Two hockey players approach each other head on, each traveling at the same speed [latex] {v}_{\text{i}} [/latex]. They collide and get tangled together, falling down and moving off at a speed [latex] {v}_{\text{i}}\text{/}5 [/latex]. What is the ratio of their masses?
You are coasting on your 10-kg bicycle at 15 m/s and a 5.0-g bug splatters on your helmet. The bug was initially moving at 2.0 m/s in the same direction as you.

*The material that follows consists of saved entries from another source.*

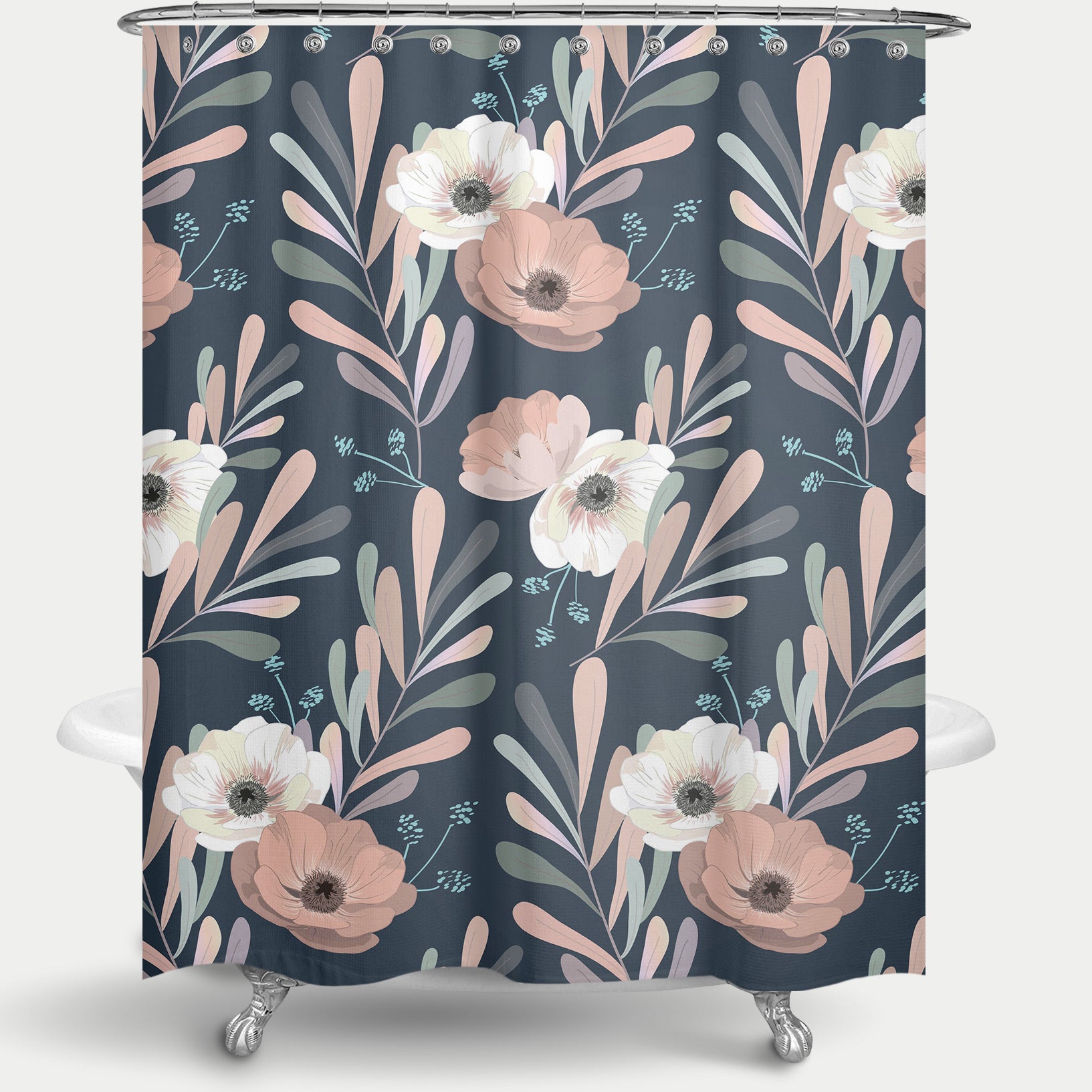 Cortina de Baño Anemones & Eucalyptus Blue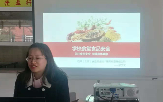 11月1日下午,海淀区教委特派第三方“石岸食品安全技术服务有限责任公司”的郝文文讲师,来我校进行有关食品安全知识的培训。饮食中心全体员工参加。
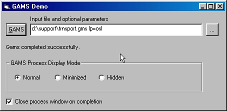 Another issue that needs to be addressed is that GAMS needs a place to put its scratch files. By default this is the current directory, a concept that is not always clear in a windowing environment. A good way of dealing with his is to set both the current drive and the current directory before running the GAMS job. It should be noted that GAMS needs write permission there. In the examples we use the Windows TEMP directory for this, but in a real application you may want to use a designated directory. The Windows TEMP directory is found by calling the API function GetTempPath.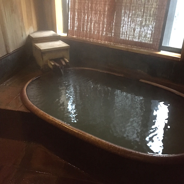 この大きな風呂桶は信楽焼きで特注だそうです。それにしても風情があるお風呂です。身体全体が温まりました。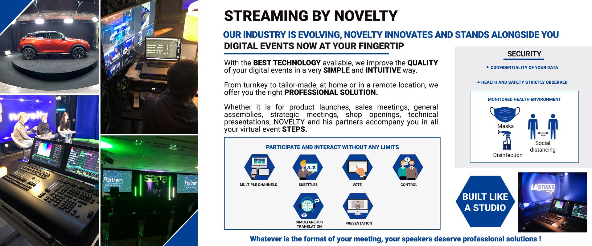 NOVELTY ADAPTS TO YOUR NEEDSWith the BEST TECHNOLOGY available, we improve the QUALITY of your digital events in a very SIMPLE and INTUITIVE way. From turnkey to tailor-made, at home or in a...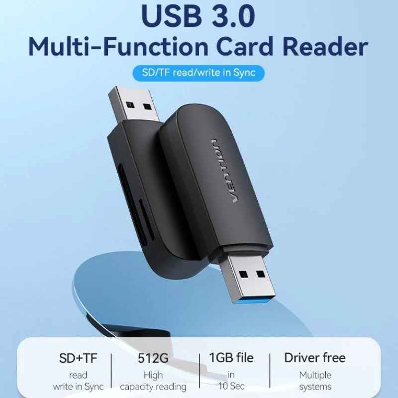 El lector de tarjetas Vention USB 3.0 expande fácilmente la ranura SD y TF en su PC para leer y escribir tarjetas. Puedes leer y escribir en dos tarjetas simultáneamente para mantenerte alejado de la molestia de desenchufar y volver a enchufar constantemente.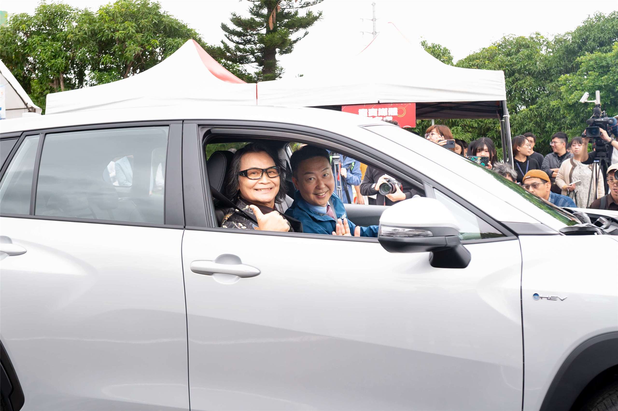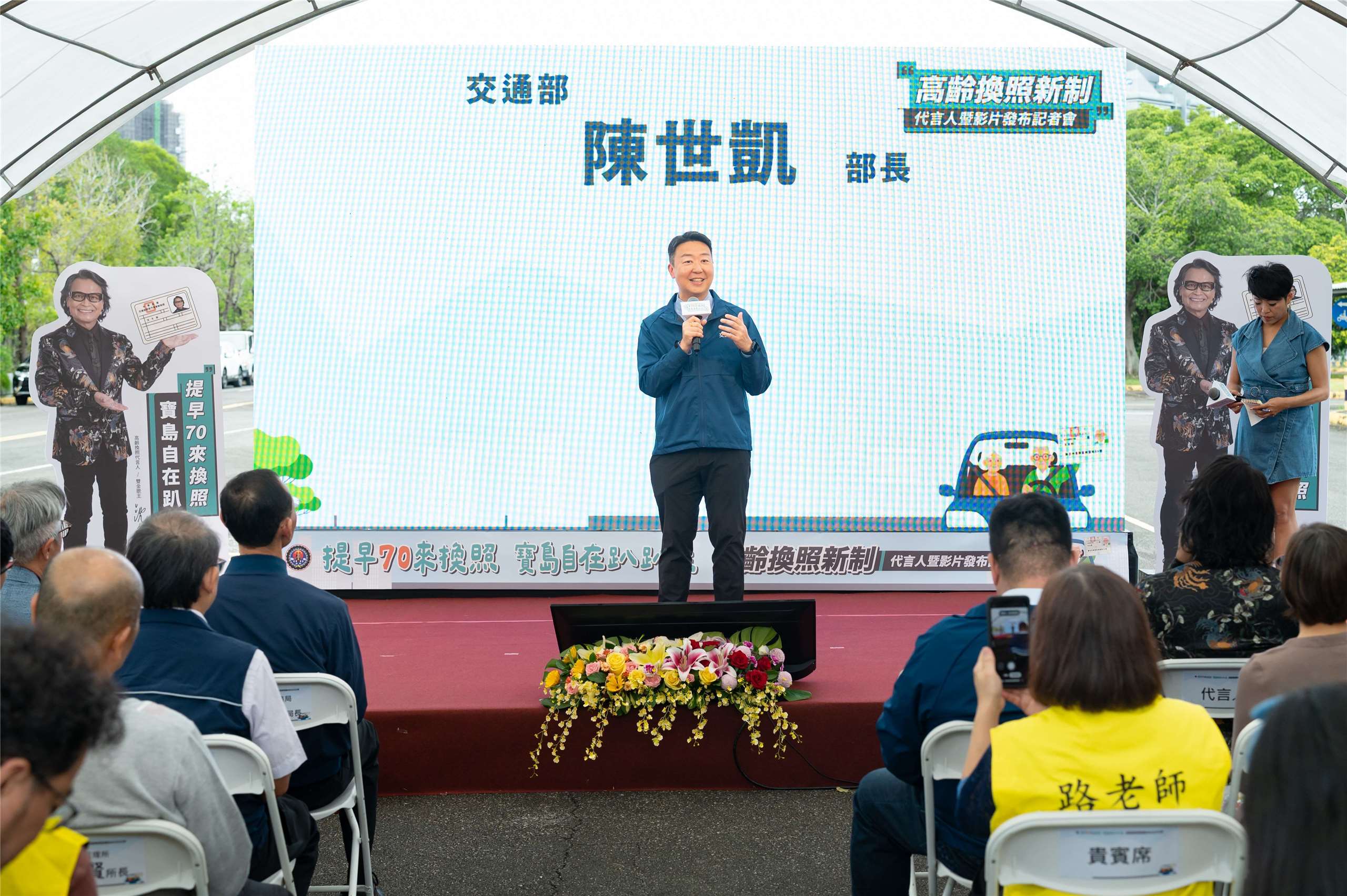 『(現場呼口號)提早70來換照,寶島自在趴趴走!』曾榮獲金鐘獎和金曲獎的雙金歌王沈文程,4日下午開車載著交通部長陳世凱驚喜現身台北士林監理站,為明年5月1日即將上路的高齡分級換照新制擔任代言人。

If your mass is 60 kg, (a) what is the initial momentum of you plus your bicycle? (b) What is the initial momentum of the bug? (c) What is your change in velocity due to the collision with the bug? (d) What would the change in velocity have been if the bug were traveling in the opposite direction?
A load of gravel is dumped straight down into a 30 000-kg freight car coasting at 2.2 m/s on a straight section of a railroad. If the freight car’s speed after receiving the gravel is 1.5 m/s, what mass of gravel did it receive?
Two carts on a straight track collide head on. The first cart was moving at 3.6 m/s in the positive x direction and the second was moving at 2.4 m/s in the opposite direction. After the collision, the second car continues moving in its initial direction of motion at 0.24 m/s. If the mass of the second car is 5.0 times that of the first, what is the mass and final velocity of the first car?
A 100-kg astronaut finds himself separated from his spaceship by 10 m and moving away from the spaceship at 0.1 m/s. To get back to the spaceship, he throws a 10-kg tool bag away from the spaceship at 5.0 m/s. How long will he take to return to the spaceship?
Derive the equations giving the final speeds for two objects that collide elastically, with the mass of the objects being [latex] {m}_{1} [/latex] and [latex] {m}_{2} [/latex] and the initial speeds being [latex] {v}_{\text{1,i}} [/latex] and [latex] {v}_{\text{2,i}}=0 [/latex] (i.e., second object is initially stationary).
Repeat the preceding problem for the case when the initial speed of the second object is nonzero.
A child sleds down a hill and collides at 5.6 m/s into a stationary sled that is identical to his. The child is launched forward at the same speed, leaving behind the two sleds that lock together and slide forward more slowly. What is the speed of the two sleds after this collision?
For the preceding problem, find the final speed of each sled for the case of an elastic collision.
A 90-kg football player jumps vertically into the air to catch a 0.50-kg football that is thrown essentially horizontally at him at 17 m/s. What is his horizontal speed after catching the ball?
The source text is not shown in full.